In the data below, the copy begins at the line containing "Состав: курица 55" and runs through the last line; repeat those lines exactly, minus the pictures.

• _Data extract_:

=-=-=

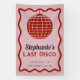 he Retro Wave Pink and Red Last Disco Bachelorette Weekend banner radiates an aura of lively nostalgia and anticipation. Against a soft, light pink background, a bold red wave frames the banner, infusing it with a sense of vibrant energy and movement. Positioned at the top, a striking red disco ball commands attention and serves as the focal point, encapsulating the essence of a dynamic and spirited celebration.
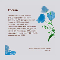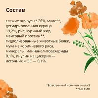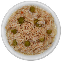 Состав: курица 55 %, куриный бульон, тапиока, зеленый горошек, подсолнечное масло, минералы, витамины
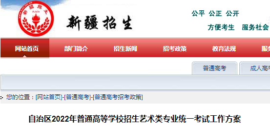 新疆2022年普通高等學(xué)校招生藝術(shù)類專業(yè)統(tǒng)一考試工作方案

=-=-=

• _Solved problem_:
 Состав: курица 55 %, куриный бульон, тапиока, зеленый горошек, подсолнечное масло, минералы, витамины
 新疆2022年普通高等學(xué)校招生藝術(shù)類專業(yè)統(tǒng)一考試工作方案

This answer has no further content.